Ярким примером реконкретизации функций объекта самости в лице аналитика могут служить некоторые особенности завершающей стадии анализа мистера И. (см. Kohut, 1971, p. 167–168). В ряде сновидений, едва ли не комичных по своей откровенности, мистер И. инкорпорировал аналитика как объект самости или его атрибуты власти через различные отверстия своего тела. Но затем, когда завершающая стадия подошла к концу, он вновь вернулся от этих грубых символических идентификаций к результатам преобразующих интернализаций, достигнутым благодаря процессам переработки на предыдущих стадиях анализа, – он с удовольствием предвкушал свое автономное функционирование в будущем.

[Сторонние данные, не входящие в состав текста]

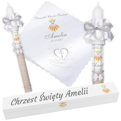 Proponujemy państwu piękny zestaw - świecę do chrztu w czarnym kolorze i szatkę z wyhaftowanym białym sercem na dłoni. Stonowana, kontrastowa kolorystyka nadaje produktom eleganckiego i wyrazistego charakteru. Dzięki szerokiej personalizacji, prezent będzie idealnie dopasowany do maluszka - mają państwo możliwość umieszczenia na świecy i na szatce zdjęcia dziecka/innej grafiki, oraz imienia i daty uroczystości chrztu świętego. Nadruk wykonujemy metodą sublimacji, która polega na wtłoczeniu go do środka tkaniny, dzięki czemu jest wyjątkowo trwały i estetyczny. Prosty i intuicyjny edytor na naszej stronie sprawi, że zaprojektowanie zestawu będzie szybkie i przyjemne. Biała profitka gustownie dopełnia całą kompozycję zestawu. Do świecy dołączamy dedykowane, drewniane pudełko, na którym nadrukujemy imię dziecka z dopiskiem chrzest święty. Nadruk na pudełku wykonujemy metodą UV, dzięki czemu jest wyrazisty i trwały.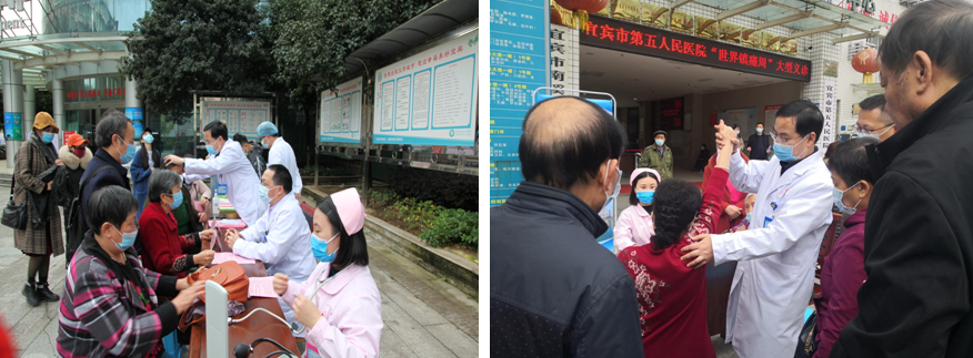 义诊活动中,慕名而来的患者在义诊台前有序排好队,医护人员通过免挂号诊查、免费测血压、免费健康咨询等形式开展义诊服务,耐心细致地为前来咨询看病的群众提供各类慢性疼痛的咨询、筛查、诊断并进行健康宣教,提出合理化的方案和建议,让群众正确认识疼痛、重视疼痛、管理疼痛。
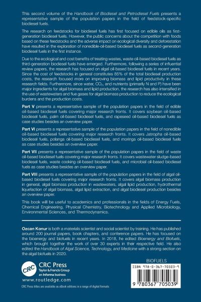 This second volume of the Handbook of Biodiesel and Petrodiesel Fuels presents a representative sample of the population papers in the field of feedstock-specific biodiesel fuels. The research on feedstocks for biodiesel fuels has first focused on the edible oils as first-generation biodiesel fuels. However, the public concerns about the competition with foods based on these feedstocks and adverse impact on the ecological diversity and deforestation have resulted in the exploration of nonedible-oil-based biodiesel fuels as second-generation biodiesel fuels in the first instance. Due to the ecological and cost benefits of treating wastes, waste oil-based biodiesel fuels as third-generation biodiesel fuels have emerged. Furthermore, following a series of influential review papers, the research has focused on the algal oil-based biodiesel fuels in recent years. Since the cost of feedstocks in general constitutes 85% of the total biodiesel production costs, the research focused more on improving biomass and lipid productivity in these research fields. Furthermore, since water, CO2, and nutrients (primarily N and P) have been major ingredients for the algal biomass and lipid production, the research has also intensified in the use of wastewaters and flue gases for algal biomass production to reduce the ecological burdens and the production costs. Part 1 presents a representative sample of the population papers in the field of edible oil-based biodiesel fuels covering major research fronts. It covers soybean oil-based biodiesel fuels, palm oil-based biodiesel fuels, and rapeseed oil-based biodiesel fuels as case studies besides an overview paper. Part 2 presents a representative sample of the population papers in the field of nonedible oil-based biodiesel fuels covering major research fronts. It covers Jatropha oil-based biodiesel fuels, polanga oil-based biodiesel fuels, and moringa oil-based biodiesel fuels as case studies besides an overview paper. Part 3 presents a representative sample of the population papers in the field of waste oil-based biodiesel fuels covering major research fronts. It covers wastewater sludge-based biodiesel fuels, waste cooking oil-based biodiesel fuels, and microbial oil-based biodiesel fuels as case studies besides an overview paper. Part 4 presents a representative sample of the population papers in the field of algal oil-based biodiesel fuels covering major research fronts. It covers algal biomass production in general, algal biomass production in wastewaters, algal lipid production, hydrothermal liquefaction of algal biomass, algal lipid extraction, and algal biodiesel production besides an overview paper. This book will be useful to academics and professionals in the fields of Energy Fuels, Chemical Engineering, Physical Chemistry, Biotechnology and Applied Microbiology, Environmental Sciences, and Thermodynamics. Ozcan Konur is both a materials scientist and social scientist by training. He has published around 200 journal papers, book chapters, and conference papers. He has focused on the bioenergy and biofuels in recent years. In 2018, he edited 'Bioenergy and Biofuels', that brought together the work of over 30 experts in their respective field. He also edited 'Handbook of Algal Science, Technology, and Medicine' with a strong section on the algal biofuels in 2020.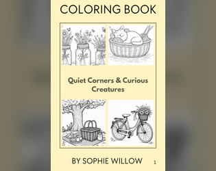 Printable PDF coloring pages featuring animals, gardens, and warm cozy scenes.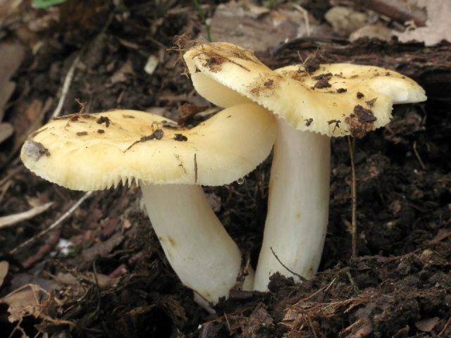 Además del agárico de mosca, su pariente más cercano, la bilis russula (Russula fellea), puede confundirse con una russula amarilla. Esta variedad se distingue por un tono ocre claro o amarillo pajizo del sombrero, que se desvanece a beige a medida que crece el hongo. La pulpa de la russula biliosa desprende geranios, el sabor es insoportablemente ardiente.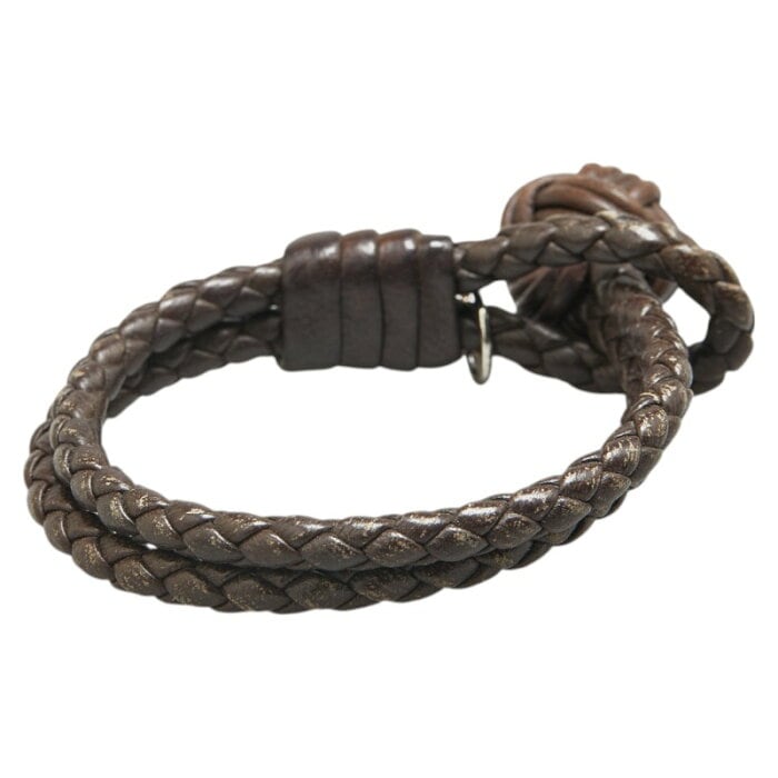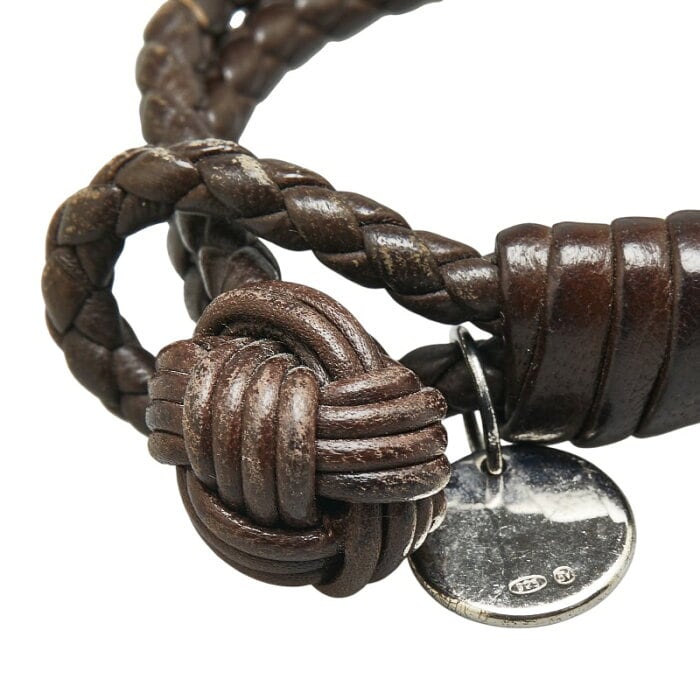 ボッテガヴェネタ イントレチャート ブレスレット ブラウン レザー SV925 シルバー レディース BOTTEGAVENETA 【中古】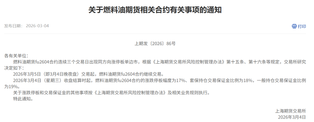2026年3月4日(星期三)收盘结算时起,燃料油期货fu2604合约的涨跌停板幅度为17%、套保持仓交易保证金比例为18%,一般持仓交易保证金比例为19%。
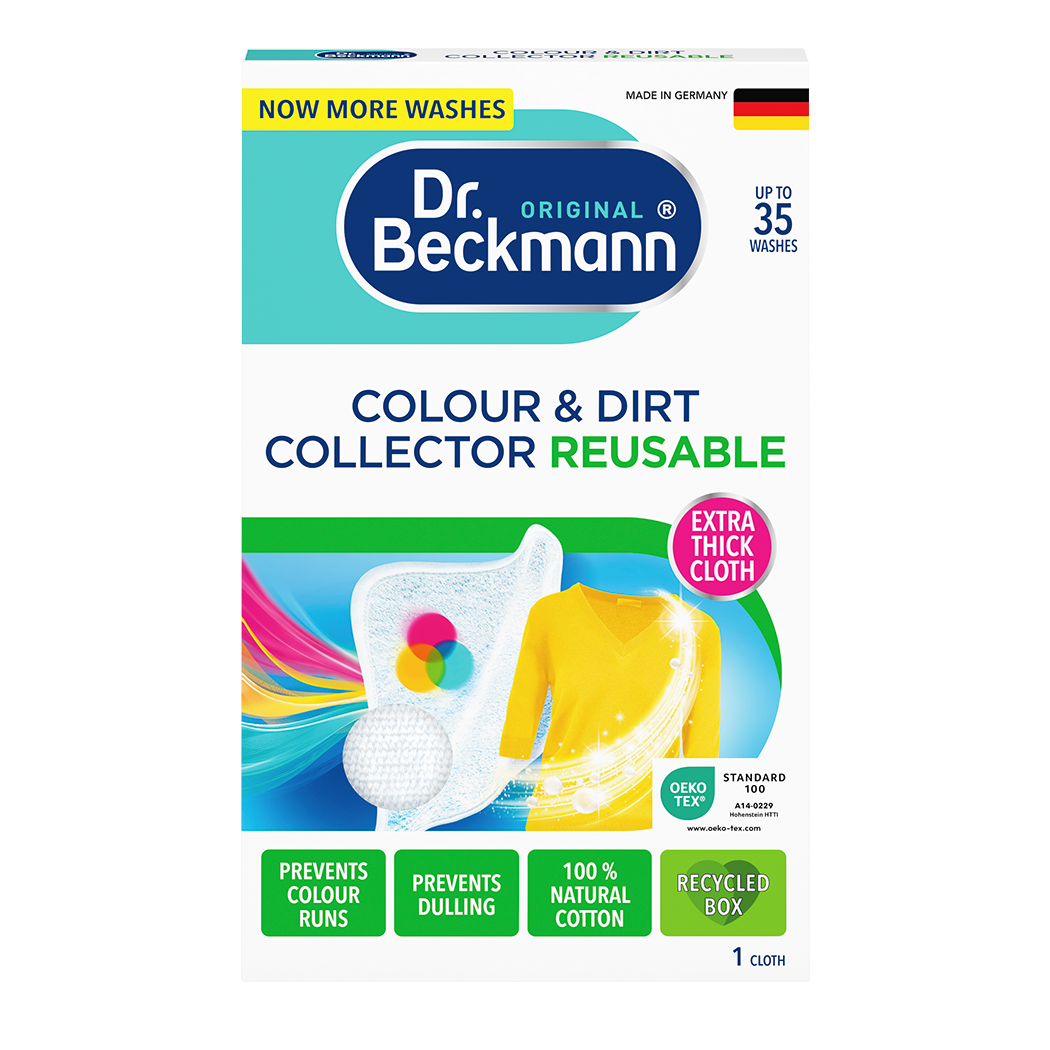 When you wash your garments colour and dirt can be released into the water. If not collected, this can end up on your garments and discoloration & greying can occur. And with frequent washes, clothes often lose their luminosity. The Dr. Beckmann Colour & Dirt Collector Reusable acts like a magnet and traps loose dye from the water, ensuring ultimate protection from unsightly colour runs & dulling. The special extra large & fluffy cloth is made of 100% natural cotton and is a convenient & sustainable alternative to conventional sheets. It is powered by a colour catch technology which ensures reliable colour absorption. The unique colour-lock system locks colour permanently in the cloth, so it can be reused without worries up to 35 times. Now you can easily do your mixed washes - even with dark and white clothes. This also means less laundry sorting and wash loads, helping the environment by saving water and energy. For garments looking like new, wash after wash.

Однако ситуация оказывается иной на стадии завершения анализа нарциссических нарушений личности, где, как в случае мистера М., спонтанно активизированный перенос и процессы переработки затрагивают не только первичный дефект и защитные структуры, которые его окружают, но и прежде всего компенсаторные структуры.

Мистер М. изъявил желание закончить анализ примерно за семь месяцев до того, как он завершился фактически. Призывая читателя проявить терпение, я изложу свои теоретические представления об эмоциональном состоянии анализанда в этот период в форме следующего воображаемого сообщения пациента.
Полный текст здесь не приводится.